The licensee noted that, prior to the event, a decision was made that a post maintenance

reactor vessel pressure test was not necessary because there are no regulatory requirements to

conduct this test following mid-cycle maintenance outages. Therefore, as a corrective action, the licensee revised plant procedures to require a pressure test of the reactor vessel following

mid-cycle maintenance outages that require reactor vessel reassembly.
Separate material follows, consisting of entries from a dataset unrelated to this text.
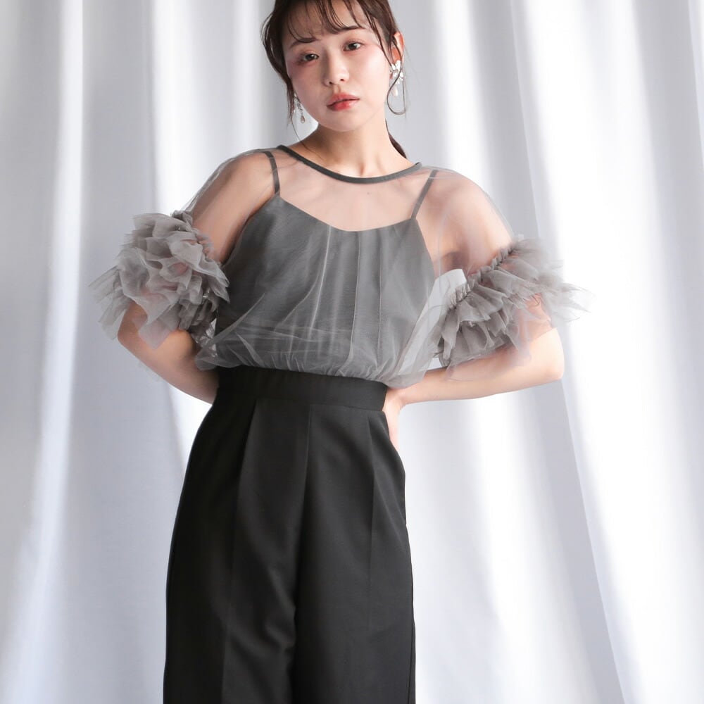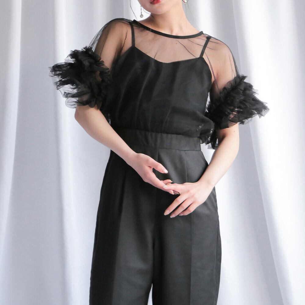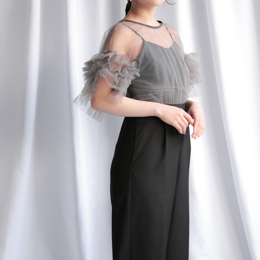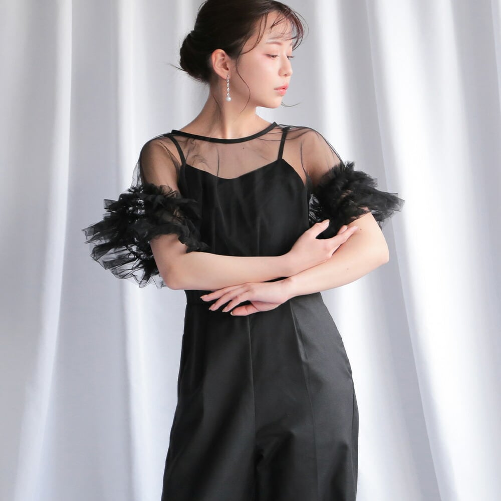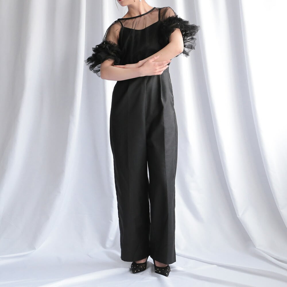 300203 epic day エピックデイドレス 結婚式 パンツ お呼ばれ パーティードレス オケージョン パンツドレス シアー フリル ウエストゴム 二次会 セレモニー ディナー 食事会 卒業式 入学式 上品 きれいめ 10代 20代 30代 送料無料
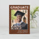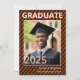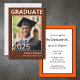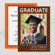 Cores escolares em faixas diagonais laranja e Convite para Graduação de Fotos. Adicione sua foto do formando e informações sobre o início. Este convite diz: Frente (todos editáveis) Formando 2025 do Name School Back (todos editáveis) Junte-se a Nós para Comemorar a Graduação de... Informações do evento de nome
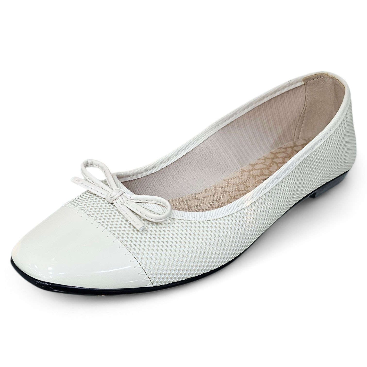 Sapatilha captoe com bico quadrado que dá muito charme ao seu estilo. Tem o seu corpo construído com detalhes em palhinha e bico em verniz com aplicação de laço.

NRC Special Inspection Team Findings

An NRC special inspection team reviewed the circumstances surrounding this event. The

inspection team reviewed the licensees actions prior to the event and identified examples of

improper procedure adherence that contributed to the inadequate reactor vessel head stud

tensioning. Specifically, the team determined that licensee personnel failed to properly

pressurize the reactor vessel head stud tensioning equipment to the value specified in

Procedure 0SMP-RPV502 because the tensioning equipment operators did not know how to

correctly interpret the hydraulic pressure reading on the tensioning equipment display. The

inspection team also determined that quality control personnel failed to verify proper reactor

vessel stud elongation in accordance with stud elongation values specified in Procedure

0SMP-RPV502. Further, the inspection team determined that nine of the twelve refuel floor

personnel performing reactor vessel reassembly did not have the necessary refuel floor support

training, as required by Procedure TRN-NGCC-1000, Conduct of Training. Finally, based on

its review of Procedure 0PLP-20, Post Maintenance Testing Program, which specifies plant

equipment shall be tested consistent with their safety functions following maintenance activities that may have impaired proper functioning of the components, the inspection team determined

that the licensee failed to specify an adequate post maintenance test to verify the pressure

retaining capability of the reactor vessel following a mid-cycle maintenance outage.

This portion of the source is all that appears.